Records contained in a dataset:

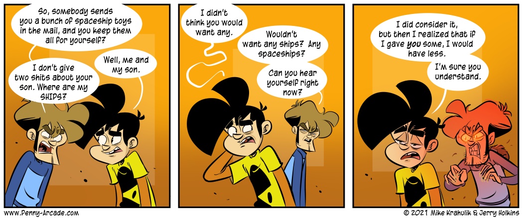 Occasional internal bombast notwithstanding, I don't know where Nintendo's Revolution fits into this grim Main Event. Because the machine has features which are either unripe or outside the ordinary continuum of expectation, I have no mental scheme which can position it against their competitors. As a result, and you've no doubt seen this as well in other forms of media, a brawl that is between three parties is almost always depicted as one between only two, and Nintendo is marginalized further in this generation. There is a kind of narrative in place and the players can largely be presumed.
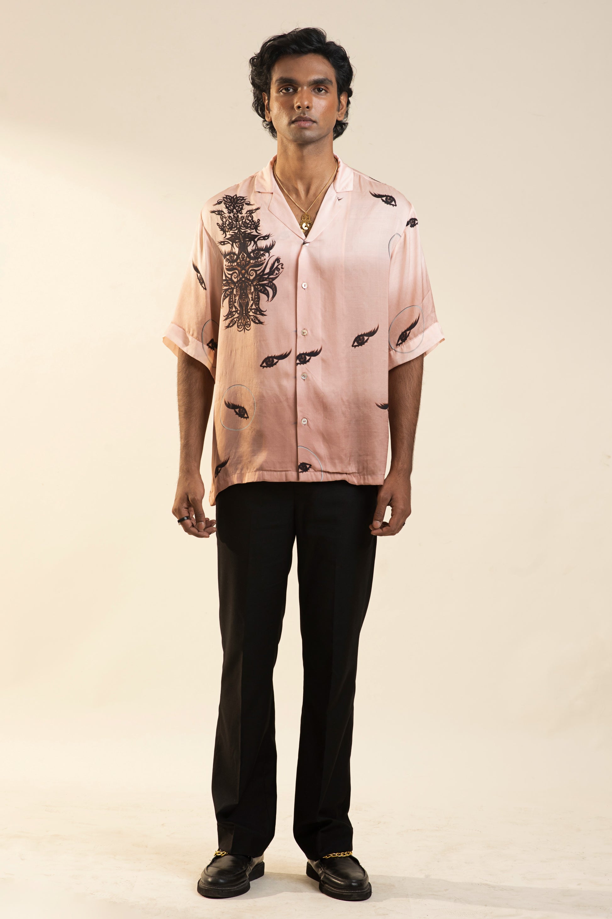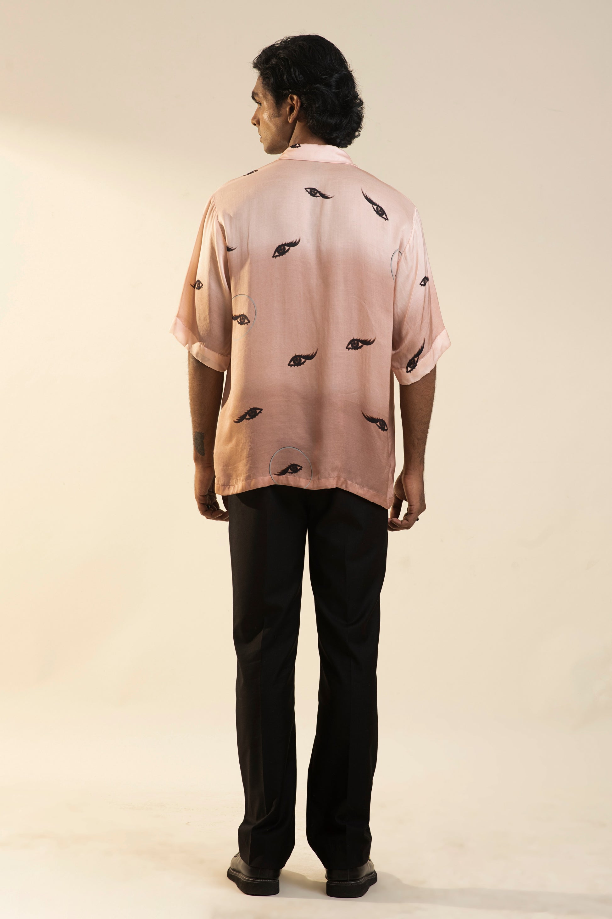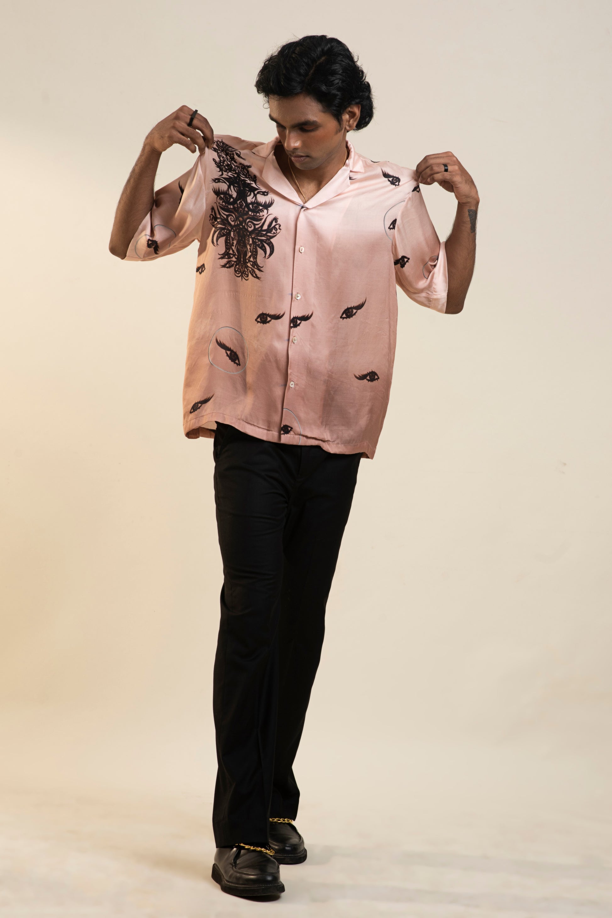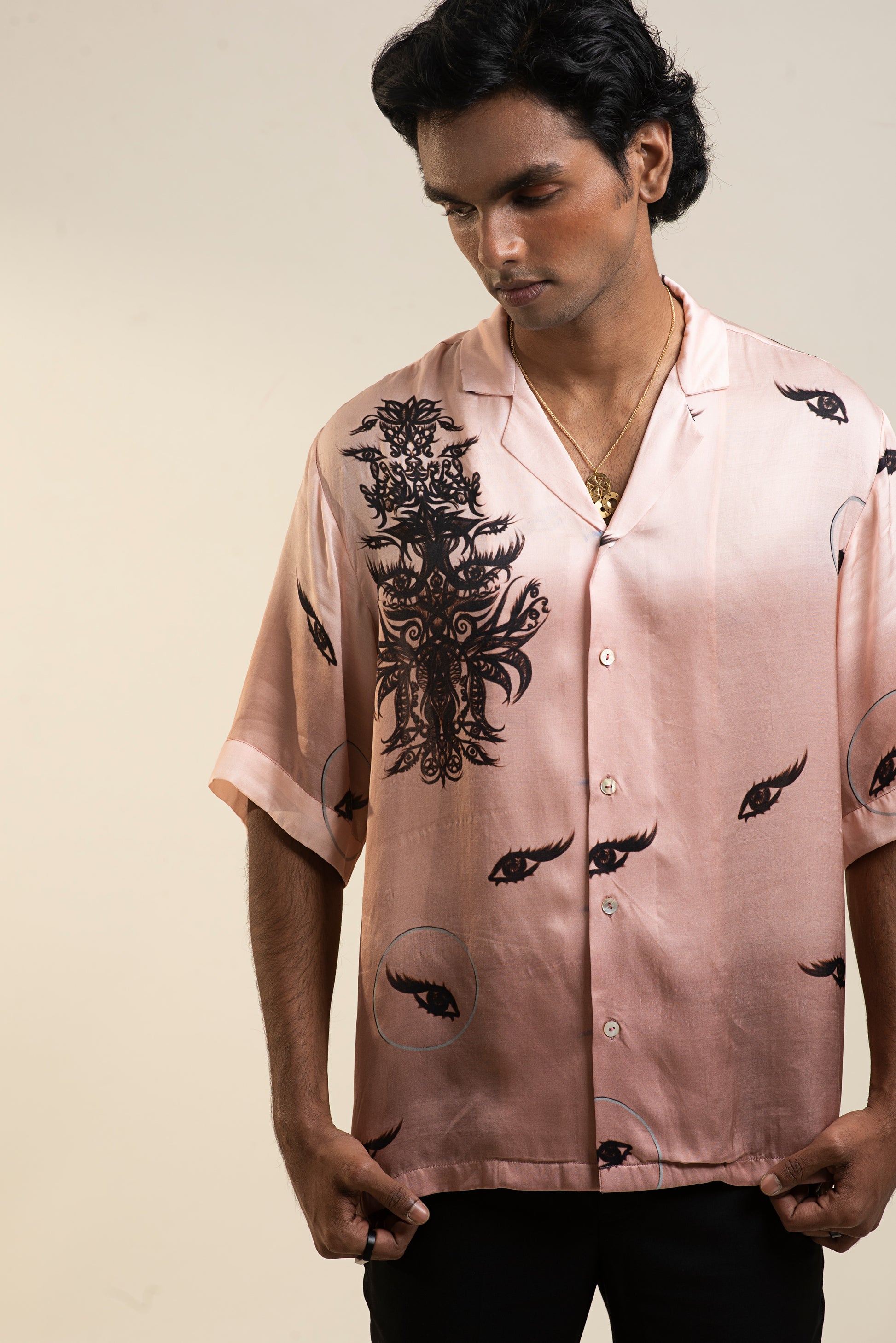 A digitally printed graded Pale Pink shirt on Modal Satin with a relaxed fit, camp collar, half sleeves, and shell buttons adorned with sketchy eyes artwork sounds incredibly stylish and attention-grabbing! It’s a perfect blend of comfort and unique design elements, sure to make a statement wherever it’s worn.
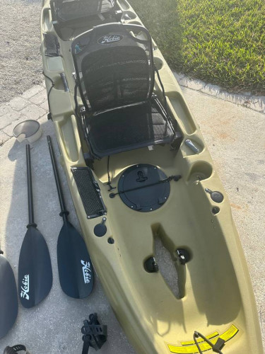 Hobie Mirage outfitter Tandem Kayak with accessories Price includes the following items: - 2 HOBIE Vantage seats - 2 Mirage drives - V2 - dual Rudder controls - 2 fiberglass hobie paddles - tackle box - adjustable wheel cart - 4 rod holders Lightly used. everything is fully functional. L...
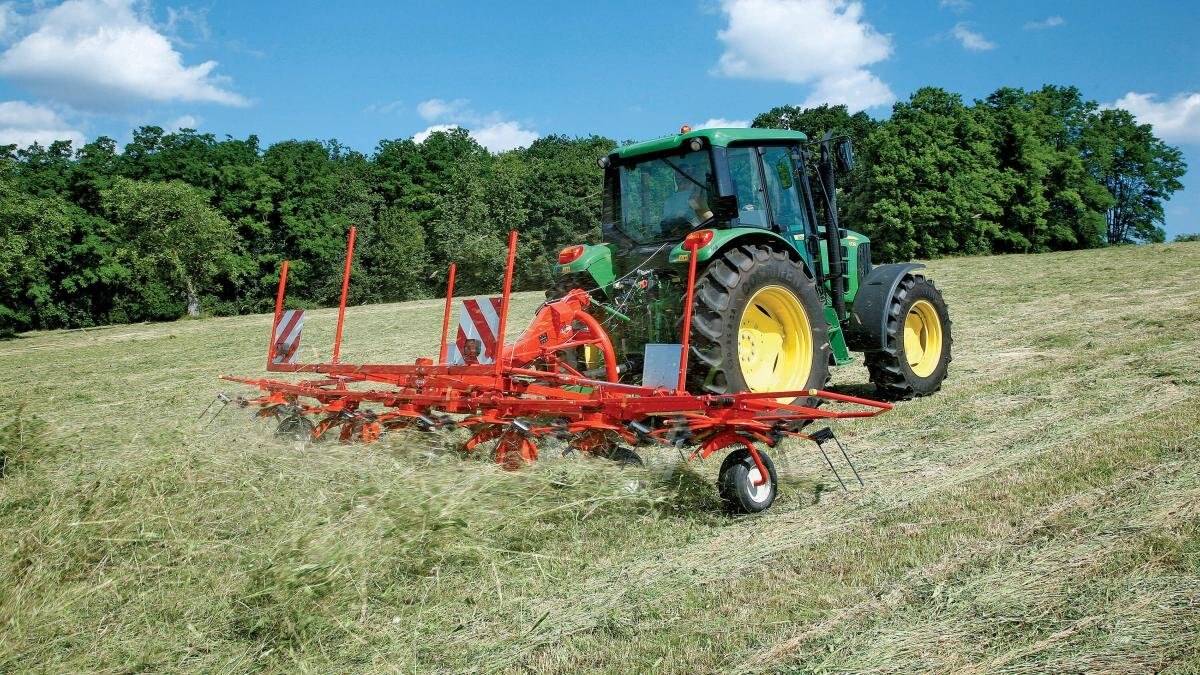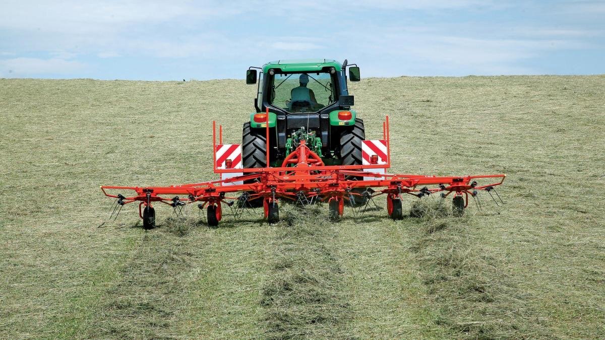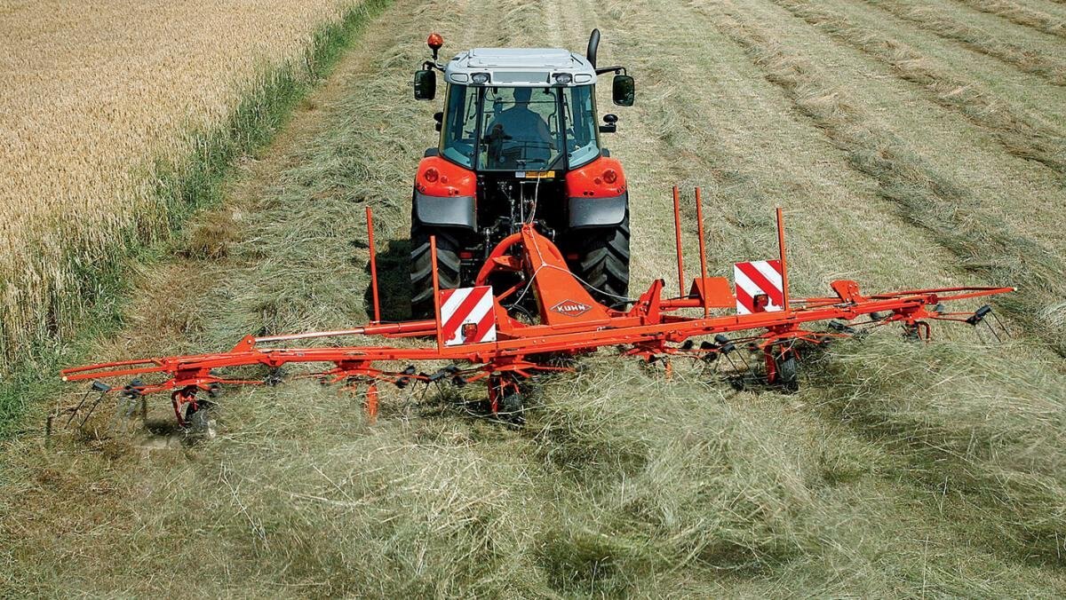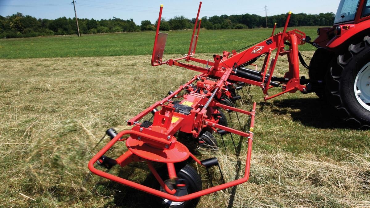 KUHN GF 1002 Series mounted tedders are designed to meet the needs of hay producers who demand the highest quality tedding of forage to ensure even and quick drydown. The GF 6502 and 7902, with small-diameter rotors are designed to excel at spreading short, thick crops. While the GF 7802, with slightly larger-diameter rotors, excels at spreading long, dense crops. The exclusive DigiDrive® coupling system provides low maintenance, long life and increased safety. The comfortable transport, ease of use and long life of these machines are just a few of the additional benefits. These models are available in working widths ranging from 21’4” to 25’7”. |
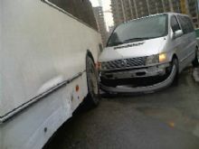 Mercedes получил незначительные повреждения: разбита фара, а также отвалился бампер. Микроавтобус в момент столкновения был застрахован.
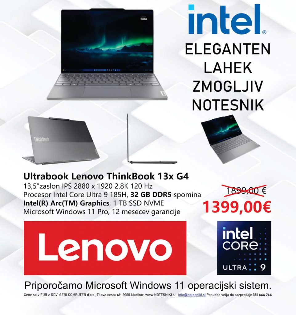Konfiguracija z Intel Core Ultra 9 185H, 32 GB DDR5 spomina, 512 GB SSD NVME diska in Microsoft Windows 11 PRO je na voljo z popustom 500 EUR. Maloprodajna cena 1899 EUR z DDV je za teh omenjenih 500 EUR znižana in sedaj pride pri www.NOTESNIKI.si omenjen Intel Ultrabook samo 1399 EUR z DDV.
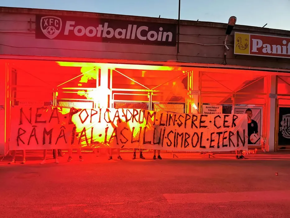 Momente tulburătoare la stadionul din Copou, transformat în altar. Suporterii i-au adus un ultim omagiu lui Ionuț Popa: „Nea Popică, drum lin spre cer. Rămâi al Iașiului simbol etern”
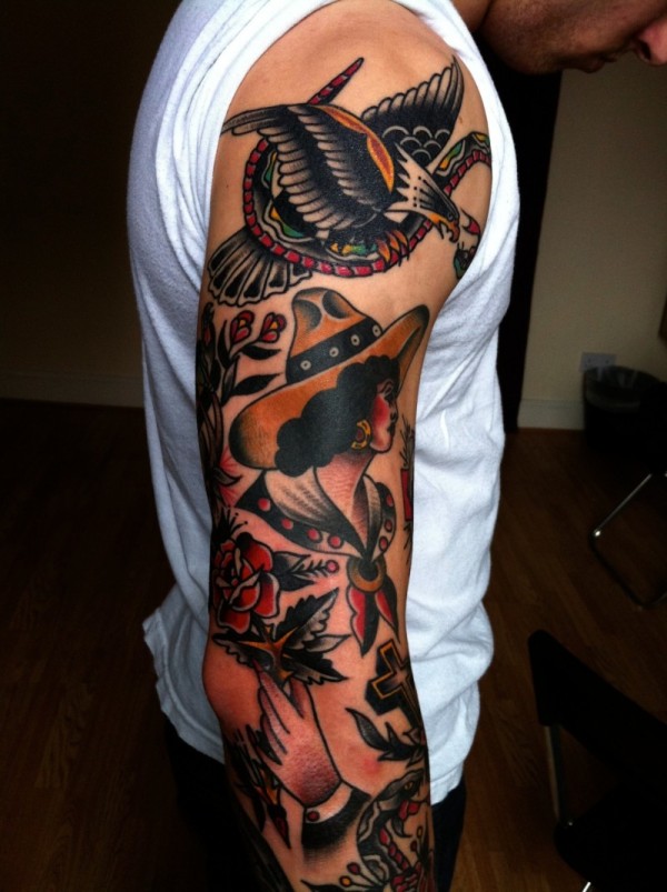old school彩色墨西哥女性与鹰和玫瑰纹身图案
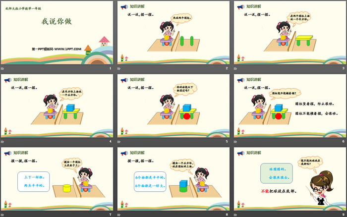 关键词:北师大版一年级上册数学PPT课件免费下载,我说你做PPT下载,认识图形PPT下载,.PPT格式;
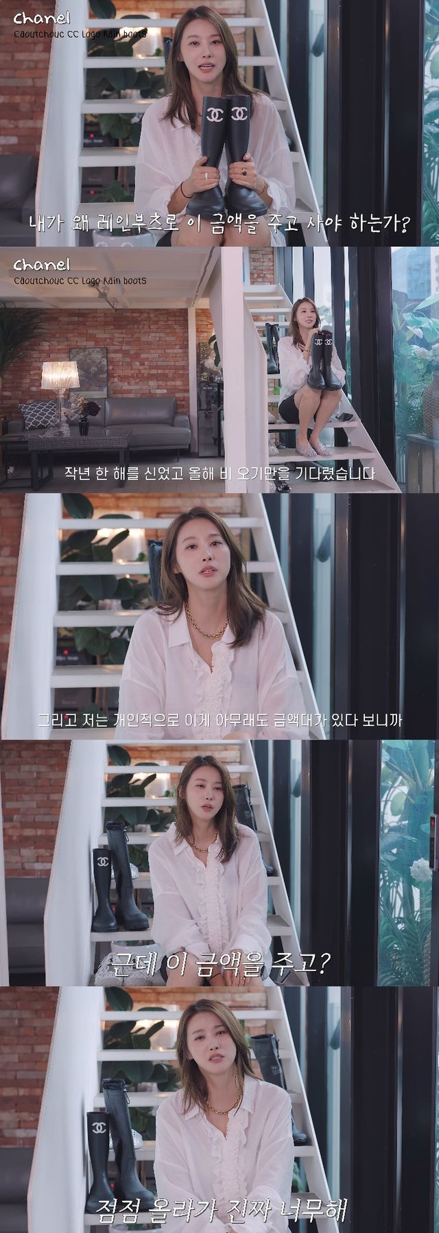 네 번째 신발로 샤넬 레인부츠를 꺼내든 유인영은 "저도 '내가 왜 이 금액을 주고 사야 하는가'에 대해서 정말 많은 고민을 하고, 정말 많은 생각을 하고, 고민 고민 해서 구입했다"면서 "작년 한 해를 신었고, 올해 비 오기만을 기다렸다"고 전했다.
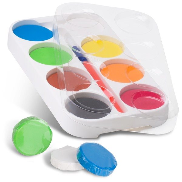 Ø 55 mmWatercolour tablets, thickness 13 mm, plastic box, 8 colours.
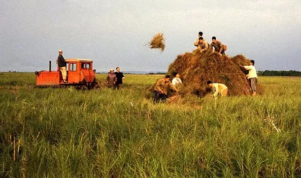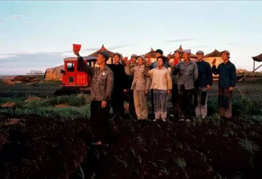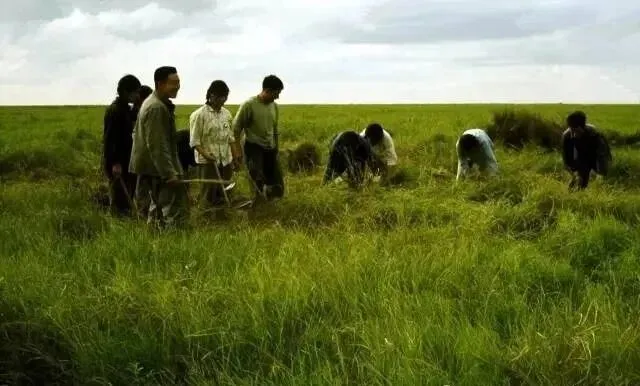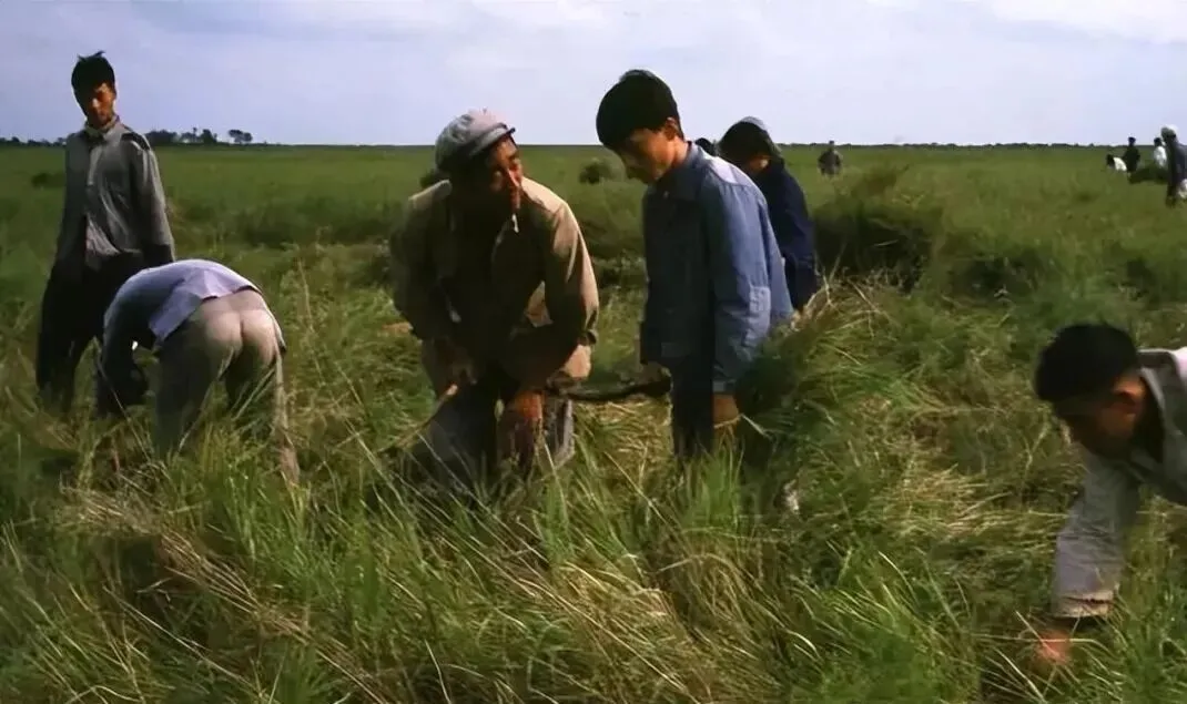 1968年,北大荒,在一望无际的草原或草甸上,人们弯着腰在草丛里劳作,有的在割草,有的在清理杂草。
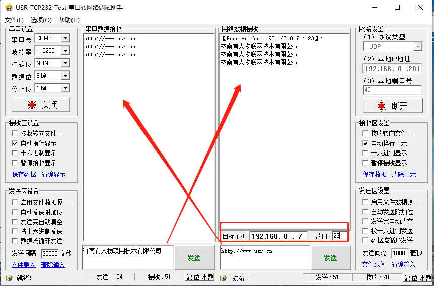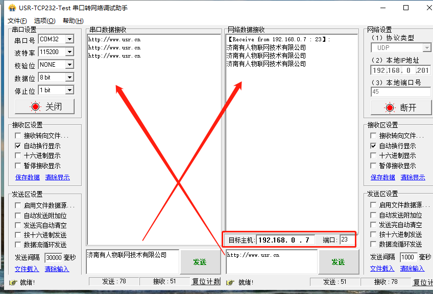 點(diǎn)擊“連接”后,需要將目標(biāo)主機(jī)和端口改為301的Ip和本地端口,然后串口往網(wǎng)絡(luò)發(fā)一包數(shù)據(jù)建立連接后,網(wǎng)絡(luò)即可往串口發(fā)數(shù)據(jù)。

#### [What you have to do]
Your answer should be a precise transcript of the entries, minus the pictures.

#### [The answer]
 Occasional internal bombast notwithstanding, I don't know where Nintendo's Revolution fits into this grim Main Event. Because the machine has features which are either unripe or outside the ordinary continuum of expectation, I have no mental scheme which can position it against their competitors. As a result, and you've no doubt seen this as well in other forms of media, a brawl that is between three parties is almost always depicted as one between only two, and Nintendo is marginalized further in this generation. There is a kind of narrative in place and the players can largely be presumed.
 A digitally printed graded Pale Pink shirt on Modal Satin with a relaxed fit, camp collar, half sleeves, and shell buttons adorned with sketchy eyes artwork sounds incredibly stylish and attention-grabbing! It’s a perfect blend of comfort and unique design elements, sure to make a statement wherever it’s worn.
 Hobie Mirage outfitter Tandem Kayak with accessories Price includes the following items: - 2 HOBIE Vantage seats - 2 Mirage drives - V2 - dual Rudder controls - 2 fiberglass hobie paddles - tackle box - adjustable wheel cart - 4 rod holders Lightly used. everything is fully functional. L...
 KUHN GF 1002 Series mounted tedders are designed to meet the needs of hay producers who demand the highest quality tedding of forage to ensure even and quick drydown. The GF 6502 and 7902, with small-diameter rotors are designed to excel at spreading short, thick crops. While the GF 7802, with slightly larger-diameter rotors, excels at spreading long, dense crops. The exclusive DigiDrive® coupling system provides low maintenance, long life and increased safety. The comfortable transport, ease of use and long life of these machines are just a few of the additional benefits. These models are available in working widths ranging from 21’4” to 25’7”. |
 Mercedes получил незначительные повреждения: разбита фара, а также отвалился бампер. Микроавтобус в момент столкновения был застрахован.
Konfiguracija z Intel Core Ultra 9 185H, 32 GB DDR5 spomina, 512 GB SSD NVME diska in Microsoft Windows 11 PRO je na voljo z popustom 500 EUR. Maloprodajna cena 1899 EUR z DDV je za teh omenjenih 500 EUR znižana in sedaj pride pri www.NOTESNIKI.si omenjen Intel Ultrabook samo 1399 EUR z DDV.
 Momente tulburătoare la stadionul din Copou, transformat în altar. Suporterii i-au adus un ultim omagiu lui Ionuț Popa: „Nea Popică, drum lin spre cer. Rămâi al Iașiului simbol etern”
old school彩色墨西哥女性与鹰和玫瑰纹身图案
 关键词:北师大版一年级上册数学PPT课件免费下载,我说你做PPT下载,认识图形PPT下载,.PPT格式;
 네 번째 신발로 샤넬 레인부츠를 꺼내든 유인영은 "저도 '내가 왜 이 금액을 주고 사야 하는가'에 대해서 정말 많은 고민을 하고, 정말 많은 생각을 하고, 고민 고민 해서 구입했다"면서 "작년 한 해를 신었고, 올해 비 오기만을 기다렸다"고 전했다.
 Ø 55 mmWatercolour tablets, thickness 13 mm, plastic box, 8 colours.
 1968年,北大荒,在一望无际的草原或草甸上,人们弯着腰在草丛里劳作,有的在割草,有的在清理杂草。
 點(diǎn)擊“連接”后,需要將目標(biāo)主機(jī)和端口改為301的Ip和本地端口,然后串口往網(wǎng)絡(luò)發(fā)一包數(shù)據(jù)建立連接后,網(wǎng)絡(luò)即可往串口發(fā)數(shù)據(jù)。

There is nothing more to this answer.